Keeping the produce fresh for long extends the marketing time, therefore, averting post harvest losses.
The equipment, which is borrowed on the Tanzania’s Wakati tent fridge, only requires solar power to keep fruits and vegetables fresh for a week or so.
Upper Kabete Campus student Emmanuel Amwoka said tests have proven that fresh vegetables and fruits are marketable after five and seven days respectively when stored in the tent.
The one metre by one and half metre tent can host up to 300kg of tomatoes.
The canvas tent has a solar powered fan at one corner. The fan is placed in a cuplike water reservoir. As it rotates, it picks the water into mist droplets, which are distributed in the tent by air currents.
“When a moisture concentration of 80 per cent is achieved, the surface of the fruits and vegetables remain fresh because of there is no net loss of water. Keeping any produce fresh for long gives farmers more time to sell,” Amwoka said.

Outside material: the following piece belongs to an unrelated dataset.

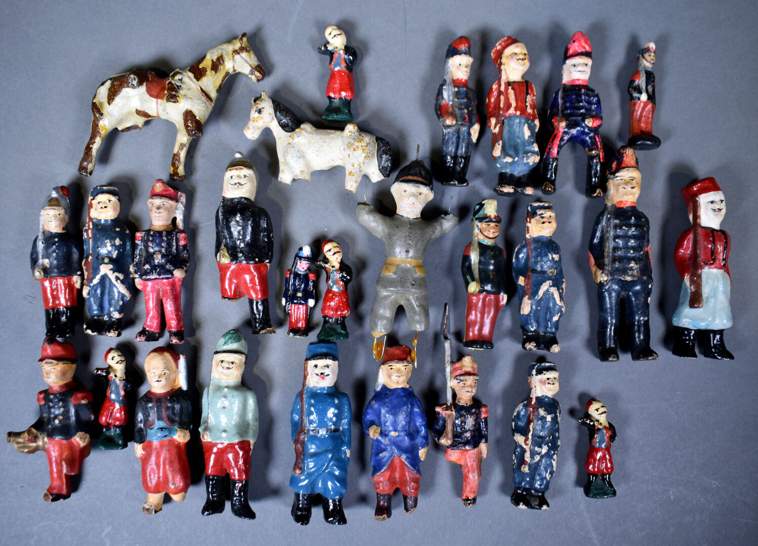 Figurines en composition type Bon Dufour en état d’usage et mauvais état avec quelques accidents circa 1900. 23 pièces de diverses tailles.

It is not only a facility for farmers, but also sellers of fresh produce.
Living things naturally lose water to the atmosphere when the humidity concentration on the outside is low. The same happens on dry windy days.
But the microclimate created in the tent decelerates the loss of water, therefore, keeping the skin firm for long.
University of Nairobi student Emmanuel Amwoka (in white polo tshirt) zips the Wakati tent fridge after packing capsicums. Looking on is a colleague. The solar powered tent keeps fruits and vegetables fresh for more than seven days. Photo courtesy.
Besides the cooling ability, the tent also reduces the speed of ripening of fruits, with capsicums remaining fresh for up to 10 days.
“The fan oxidizes oxygen in water into ozone (tri-oxygen). The three oxygen ‘atomed’ molecule fights off ethylene gas from the tent through a series of chemical reactions. Reduced ethylene is reduced ripening,” Amwaka said during the 2016 University of Nairobi tech expo.
Ethylene gas is emitted by fruits. It accelerates ripening of fruits.
Fruits and vegetables, just like other living things, lose water to the surrounding when the air around them is dry or less concentrated with humidity.
Good refrigerators and other coolers cost more than Sh20,000. In addition to the initial cost, maintenance costs and power bills are prohibitive to average small-scale farmers, who may also be away from the national electricity grid.
These, among other attributes, make the Wakati tent cooler an appropriate tool for rural farmers and agro-traders.
The entire kit is set to cost about Sh10,000.